On Broadway, Sons o’ Fun, displaying the vivid Carmen Miranda, had opened its run of 742 performances at the Winter Garden Theater December 1. Over at the Imperial, Danny Kaye and Eve Arden had been singing Cole Porter’s new songs in Let’s Face It since the end of October. This show, which also included Mr. Kaye’s manic patter explorations, would survive well into the new year.


 
Hollywood Jumps the Gun

That year’s Sergeant York, starring Gary Cooper as the simple blacksmith who went from plunking turkeys in the woods of Tennessee to dropping Huns in the Argonne Forest in the Great War, drew criticism from an ad hoc committee of Senate isolationists. So did Charlie Chaplin’s satirical assault on Adolf Hitler, The Great Dictator. Senators Gerald P. Nye, Bennett Champ Clark, and Burton K. Wheeler ran the hearings and made judgments on films they’d never seen, declaring the nation’s seventeen thousand movie houses places for “mass meetings for war.” On average, the senators pointed out, war pictures lost money; only the propagandistic war aims of “foreign-born” producers kept these films coming out of Hollywood. “Foreign-born” was, of course, a euphemism in the mouths of committee members. “If anti-Semitism exists in America,” asserted Senator Nye at one point, “the Jews have themselves to blame.”

The bombing silenced the Senate committee, and the national America First Committee disbanded on December 11. The bigger story in movies that month was the release of Greta Garbo’s new comedy, Two-Faced Woman, on the thirty-first. It would turn out to be her last film.


 
Beginning of the End

When war came at last, most Americans couldn’t identify exactly where it had come. The baseball writer Robert W. Creamer recounts how a boy ran home to the family’s Brooklyn apartment to explain to his mother and stepfather, “We’re at war. The Japanese have bombed Belle Harbor [at Coney Island].”

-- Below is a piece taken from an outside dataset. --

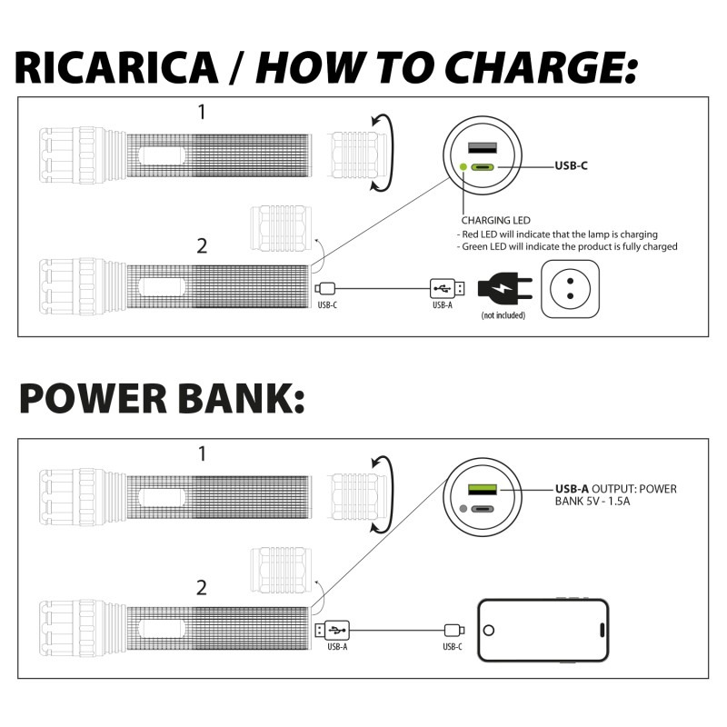La torche est équipée de deux batteries lithium-ion 21700 de 4000 mAh chacune, offrant jusqu’à 120 heures d’autonomie en mode 10 lumens. La fonction power bank intégrée permet de recharger vos appareils mobiles en déplacement, grâce au câble USB fourni de 50 cm. Le tout est contrôlé par un interrupteur simple d’utilisation, et la torche est livrée prête à l’emploi avec ses batteries incluses.

“I first heard the news from the elevator man in the National Press Building,” the journalist I. F. Stone wrote later that week. “The ticker at the Press Club, normally shut off on Sunday, carried the first flash telling of the Japanese attack on Pearl Harbor. It was a beautiful late-autumn Sunday, the sky clear and the air crisp.”

“We are going into this war lightly,” Stone concluded, “but I have a feeling that it will weigh heavily upon us all before we are through. The vast theater on which the struggle between this country and Japan opens makes the last war seem a parochial conflict confined to the Atlantic and the western cape of the Eurasian continent. This is really world war, and in my humble opinion it was unavoidable and it is better fought now when we still have allies left.”

The day before the attack that compelled him to ask for a declaration of war, Franklin Roosevelt secretly approved money for the project that would end it: the atomic bomb.